Monday, November 21, 2005

Academic Studies of crypto-utopias posing as dystopias

Boing Boing has a post today about utopias hidden in dystopian novels. They pulled some interesting paragraphs from the Boston Globe Ideas column about Fredric Jameson's new book on utopian ideas hidden in dystopias. During the Cold War when it was unpopular to write about future utopias in science fiction because you might be perceived as a radical, writers like Philip K. Dick, Ursula K. Le Guin, and Samuel R. Delany put utopian themes in their otherwise dystopian novels. The contention is that these others tried to describe utopia by what it is not and provided the object lessons in their literary work.
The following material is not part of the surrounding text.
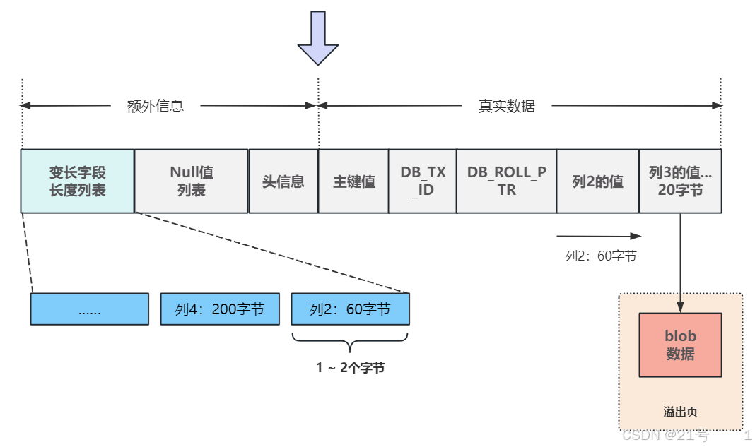 • 每个变⻓字段分配1 ~ 2个字节来存放这些字段的真实⼤⼩,放置顺序也是按表中字段的顺序从右⾄左逆序排列;

I of course have a great love of dystopian (distopian?) futures especially the scary one we currently inhabit (see for instance "Our new Spoke-Robot Overlords", a lack of flying cars rant, and the Rifter series review). The article in the Boston Globe reviewing Fredric Jameson's Archaeologies of the Future points out Jameson's premise that these science fiction novels allow us to explore different alternative future utopian ideas even if they are hidden in this literature. There also seems to be some discussion about communism vs. capitalism and to finding an alternative economic system that is neither. It sound like some of the ideas that Ken MacLeod explores in his fiction.

How does all of this tie in to the current science fiction trend of writing about the Singularity, I don't know, but I plan to read the book and maybe find out.